367. Development of Lentiviral Vectors Carrying shRNA, Ribozyme and RNA Decoy for the Inhibition of HIV-1 Infection

Abstract

The replication-defective lentiviral vectors are able to transduce a wide array of quiescent cell types with sustained long-term expression of the genes within the vector backbone. These properties make them favorable vectors for anti-HIV-1 therapeutic gene delivery. The recently discovered small interfering RNA(siRNA) mediated RNA interference provides a powerful new tool for gene silencing in a sequence specific manner, which suggest the potential of siRNAs for gene therapy application. A stable expression system of siRNAs and the efficient delivery vehicle of lentiviral vectors would prove an excellent match as a powerful gene therapy tool. We have developed lentiviral vectors expressing U6 pol III promoter-driven short hairpin RNAs (shRNAs) targeting the rev and tat mRNAs of HIV-1. Utilizing these shRNAs we have achieved potent inhibition of HIV-1 replication in primary cells. Up to date, the majority of HIV-1 gene therapy protocols target a single therapeutic gene. Like any therapeutic approach for inhibition of HIV infection, gene therapy is also faced with the problem of development of viral variants that are resistant to therapeutic agents. We hypothesize that if a combination of therapeutic genes targeting different viral products and steps in the viral life cycle is used, the probability of viral escape mutants will be greatly reduced. Furthermore, there is the possibility of synergy between the different gene therapy agents. Previously, we created the pol III expressing cassettes expressing an anti-CCR5 ribozyme or a nucleolar localizing TAR decoy and cloned them into a self-inactivating lentiviral vector. Each of the constructs showed marked anti-HIV-1 activities. In this study, we combined the shRNAs with the ribozyme or the RNA decoy, or all three constructs into a single vector backbone. Each of these therapeutic RNAs targets a different gene and blocks HIV infection by a distinct mechanism.
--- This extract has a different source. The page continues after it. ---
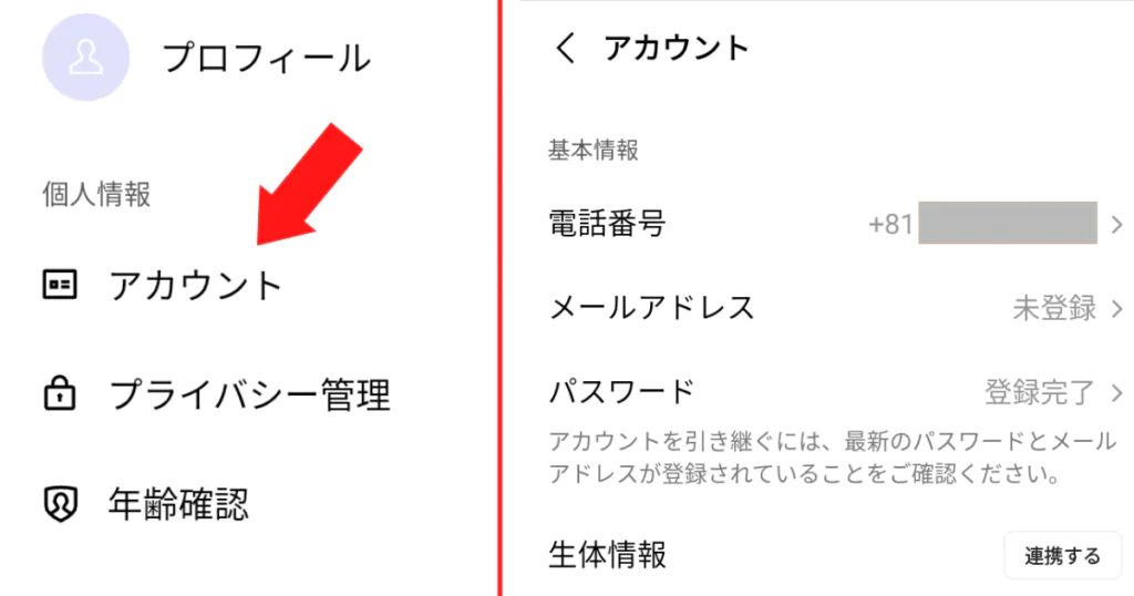 LINEアプリの登録情報を確認する(LINEアカウント連携時)
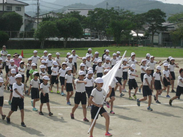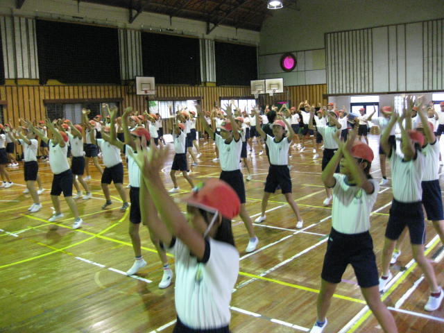最後の全校体育を行いました。入場行進・閉会式の練習を行いました。その後、全校ダンスの「ばんば踊り」の練習を行いました。

After transduction with the vectors and infection with HIV-1, a potential synergistic effect was apparent in CD34+ hematopoietic stem cells and primary T cells. We have also developed the vectors expressing only the various therapeutic genes but excluding the reporter gene and WPRE sequence to eliminate any elements that potentially interfere with the expression of the therapeutic genes or have adverse effects on target cells. Our long-term goal is to develop vectors suitable for human gene therapy.